I just asked my wife (who I met at Silicon Graphics) to read the article and
asked her if things were like that at SGI. She said no, there was little to
none of this. I'm sure, people being people, there was some but her memory
matches mine, it wasn't rampant, there were no "24/7 sexual advances" that
just wasn't a thing. Or if it was we both didn't notice it.

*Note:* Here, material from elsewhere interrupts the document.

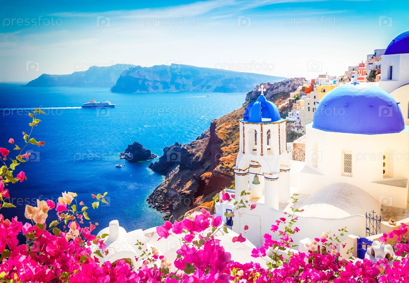 Кальдера вулкана с голубыми церковными куполами Оя с цветами, Санторини, оттененная

I made the comment that I didn't have enough game to harass anyone like what
is described in the article and I didn't know any programmers that were like
that. My wife thinks that maybe the programmers of today are really different
than they were 20-30 years ago.

I dunno, I wonder if this is just normal life at every company now or if these
are some companies with a worse culture than others. I sure hope these are not
the norm. If these stories are the norm we're headed for a depressing world
where men and women don't like each other very much. It's hard to start there
and end up as partners.

It seems like a lot of the fun of flirting would be viewed as harassment,
which is a shame, flirting is fun when both people are into it. You can do it
without any sexual intent at all, I used flirt shamelessly with my admin at
SGI. I got called on it when I stopped (I got busy with a project). My boss's
boss called me in and asked me "why did you stop flirting with Kim?" I
explained and he said "Kim is going through rough divorce, she could really
use the attention, please find some time to give her some." So I did, but it
was harmless fun, we both knew we were just playing, it wasn't going anywhere.
Would that be OK in today's climate? Seems like no.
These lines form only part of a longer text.